Once this pipeline is built, we’ll fit the pipeline components using fit().

# Logistic Regression Classifier
from sklearn.linear_model import LogisticRegression
classifier = LogisticRegression()

# Create pipeline using Bag of Words
pipe = Pipeline([("cleaner", predictors()),
                 ('vectorizer', bow_vector),
                 ('classifier', classifier)])

# model generation
pipe.fit(X_train,y_train)
Output:
Pipeline(memory=None,steps=[('cleaner', <__main__.predictors object at 0x00000254DA6F8940>), ('vectorizer', CountVectorizer(analyzer='word', binary=False, decode_error='strict',dtype=<class 'numpy.int64'>, encoding='utf-8', input='content',lowercase=True, max_df=1.0, max_features=None, min_df=1,
     ...ty='l2', random_state=None, solver='liblinear', tol=0.0001, verbose=0, warm_start=False))])

Evaluating the Model

Let’s take a look at how our model actually performs! We can do this using the metrics module from scikit-learn. Now that we’ve trained our model, we’ll put our test data through the pipeline to come up with predictions. Then we’ll use various functions of the metrics module to look at our model’s accuracy, precision, and recall.
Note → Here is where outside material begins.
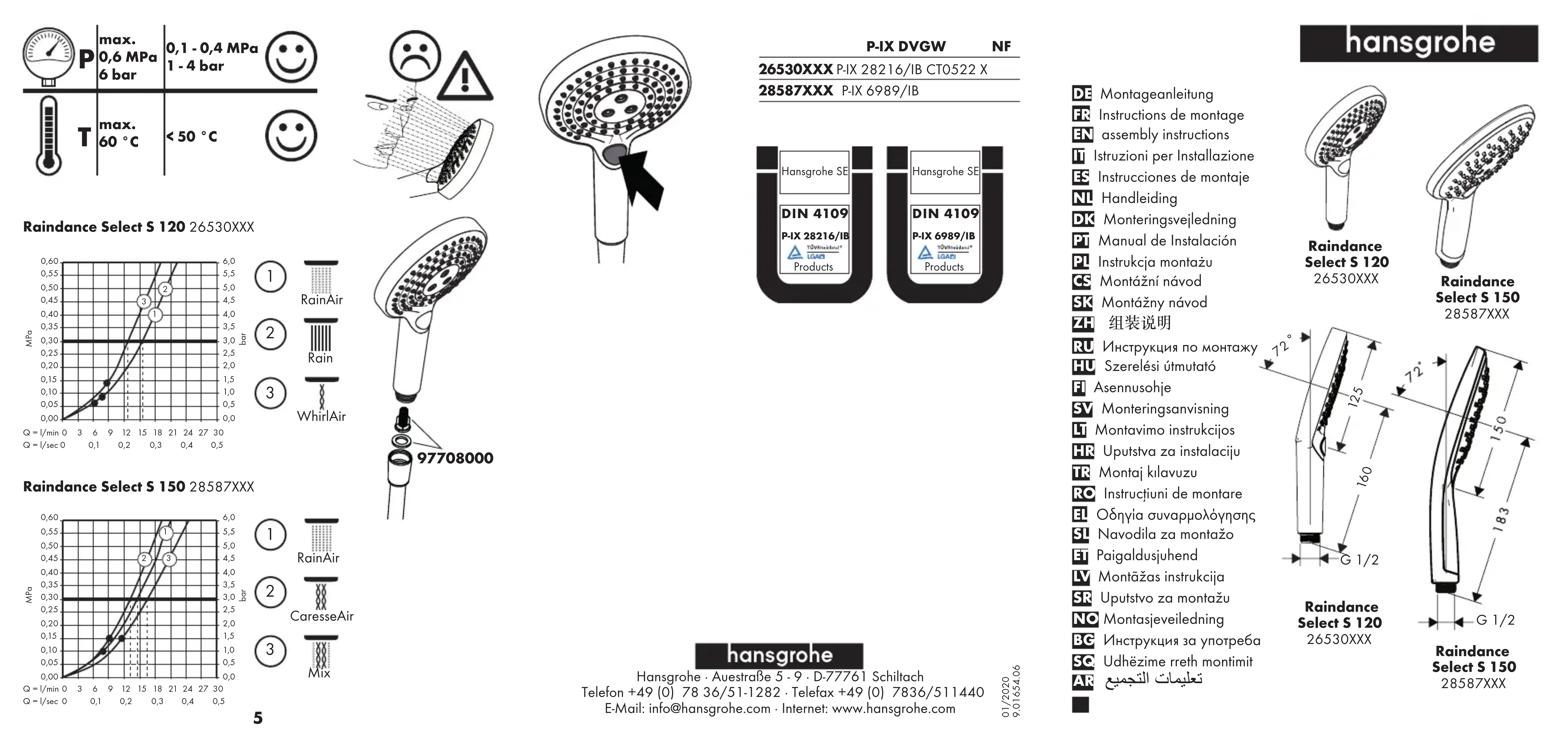 Retrouvez gratuitement la notice de l'appareil Raindance Select S 150 Hansgrohe au format PDF.

  • Accuracy refers to the percentage of the total predictions our model makes that are completely correct.
  • Precision describes the ratio of true positives to true positives plus false positives in our predictions.
  • Recall describes the ratio of true positives to true positives plus false negatives in our predictions.

The documentation links above offer more details and more precise definitions of each term, but the bottom line is that all three metrics are measured from 0 to 1, where 1 is predicting everything completely correctly. Therefore, the closer our model’s scores are to 1, the better.

from sklearn import metrics
# Predicting with a test dataset
predicted = pipe.predict(X_test)# Model Accuracy
print("Logistic Regression Accuracy:",metrics.accuracy_score(y_test, predicted))
print("Logistic Regression Precision:",metrics.precision_score(y_test, predicted))
print("Logistic Regression Recall:",metrics.recall_score(y_test, predicted))
Output:
Logistic Regression Accuracy: 0.9417989417989417
Logistic Regression Precision: 0.9528508771929824
Logistic Regression Recall: 0.9863791146424518

In other words, overall, our model correctly identified a comment’s sentiment 94.1% of the time. When it predicted a review was positive, that review was actually positive 95% of the time. When handed a positive review, our model identified it as positive 98.6% of the time

Summary

Congratulations, you have made it to the end of this tutorial!

In this article, we have built our own machine learning model with scikit-learn. Of course, this is just the beginning, and there’s a lot more that both spaCy and scikit-learn have to offer Python data scientists.